Recently, I made a gutsy move and began freelance writing full time for the web.  It’s always been a goal of mine, and I found myself with the sudden opportunity to do so with the support of my husband, family, and friends.  However, the opportunity somewhat presented itself before I had the chance to fully prepare (long story).  Now, I know what the experienced, long-time freelance writers are saying:  “Silly girl, you can never really be prepared for entrepreneurship.”  I know.  But I REALLY wasn’t prepared.  I didn’t have a lot of research or data to tell me the first thing about starting a business.  The largest challenge I found myself facing (and a key element of the foundation of my business) was how to set my rates. 

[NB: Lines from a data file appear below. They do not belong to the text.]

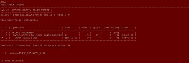 Explain plan shows that shows that all three statements used the same plan. The optimizer chose the plan, an index range scan, because it peeked at the first value (10) bound to the system bind variable, and picked this plan as the best for all values. In fact, this plan is not the best plan for all values. When the value is 9000, a full table scan is more efficient.
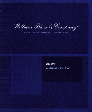 Annual Report Highlights: View Competition Class Performance | Company Name: | William Blair & Company    | | Company Web Site: | www.williamblair.com | | Annual Revenue: | $100 million - $1 billion | | Employee Base: | 100 - 1,000 Employees | | Core Industry: | Financials -- Capital Markets | | Award Garnered: | Silver | | | | Judging Results | | First Impression: | | | Report Cover: | | | Letter to Shareholders: | | | Report Narrative: | | | Report Financials: | | | Creativity: | | | Message Clarity: | | | Information Accessibility: | | | Total Score: | |
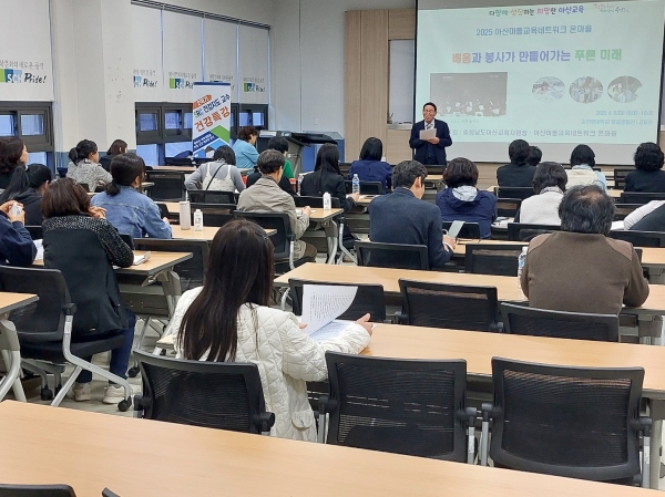 연수 내용은 아산시 신창면 마을교육 사례를 시작으로 △ 미래 사회와 교육의 전환, △ 지속 가능한 지역교육 생태계 구축, △ 마을교사의 역할과 소양, △ 아산마을교육네트워크 운영 사례, △ 마을학교 운영, △ 생성형 AI를 비롯한 온라인 도구 활용, △ 아산과 천안의 마을교육공동체 간 교류, △ 지역교육 현안 토론회, △ 중간지원조직 운영 사례 등으로 준비했다.
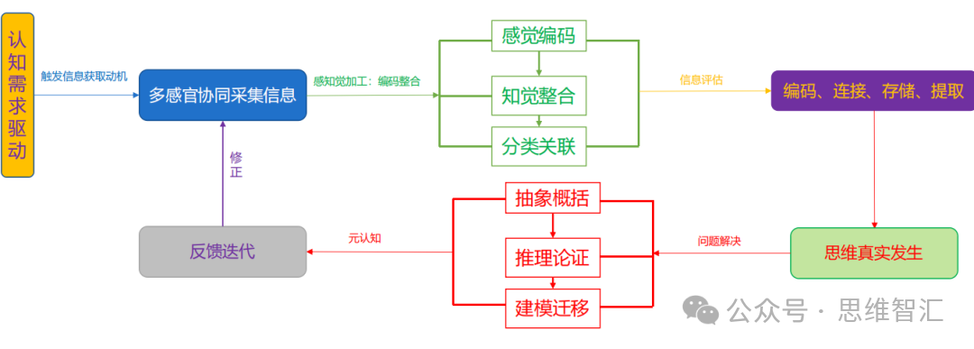 再对信息进行知觉统筹、编码连接、分类存储;进而通过抽象概括形成概念,通过判断推理开展思维活动,最终经元认知监控、反思与反馈实现思维迭代。
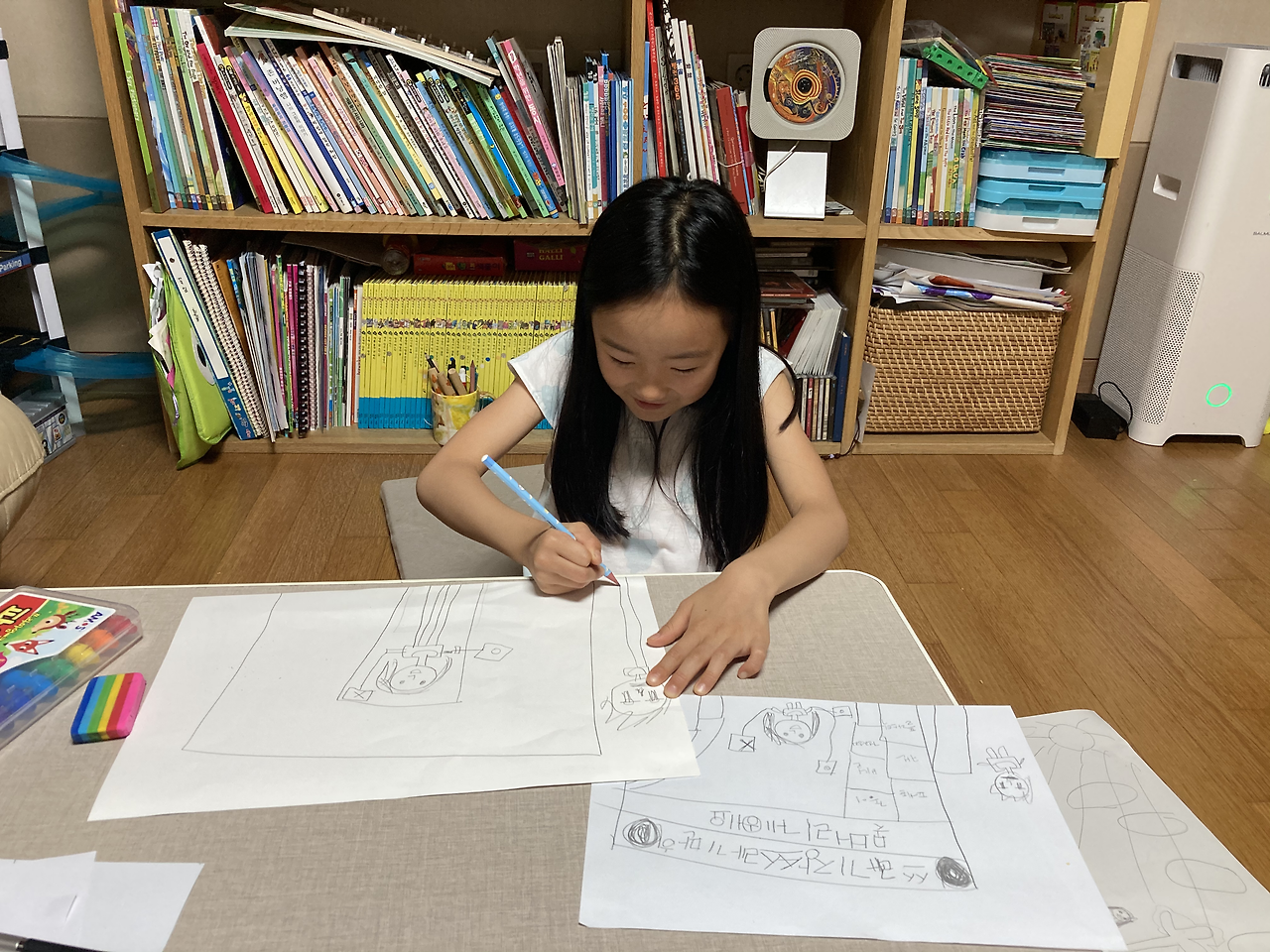 미니스톱에서 초등학생들 대상 그림 공모전을 하는데 주제가 ‘환경오염으로부터 우리 마을을 지키는 나만의 방법’이란다. 지난주 도서관에 갔다가 도화지를 받아왔다. 접수만 해도 아이스크림을 선물로 준다니 기쁘게 참여해 보겠단다. 아직 초1에겐 어려운 주제인 거 같아 각자 다른 종이에 밑그림을 그리고 서로 얘기를 나눠봤다. 꽁이가 그린 건 꽁이가 할 수 있는 방법이라고 그걸 그리겠다고 했다. 그래 ok.
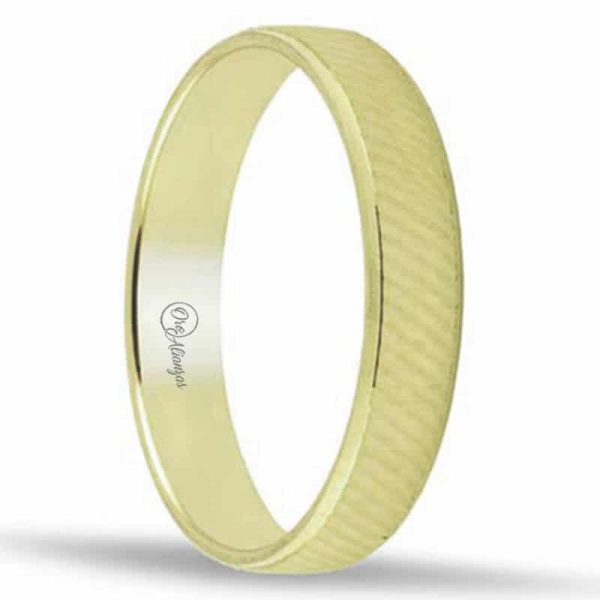 Alianza en oro Amarillo 18k media caรฑa estriado diagonal, con laterales en brillo y 4 de ancho e interior plano.

I have subscribed to countless blogs, followed fellow writers on Twitter, Googled “setting freelance writing rates” until my fingers were numb, but the result was always the same.  Every article I read gave me the same general answer:  Setting your freelance rates is something only you can decide.  And that makes sense…I get it.  But I need a little guidance.  Of course, I did find several helpful blogs with general tips for setting rates. 

1.)   Research the competitors
2.)   Analyze your overhead costs
3.)   Set monthly earning goals
4.)   Set hourly rates, project rates, and word rates

The lists went on, and while all of these tips made complete sense to me, I was still having the issue of how much I should charge for my freelance writing services.  I researched competitors, but it seemed their rates spanned from one extreme to the other based on their experience, and it was hard to tell where I fit in on that scale.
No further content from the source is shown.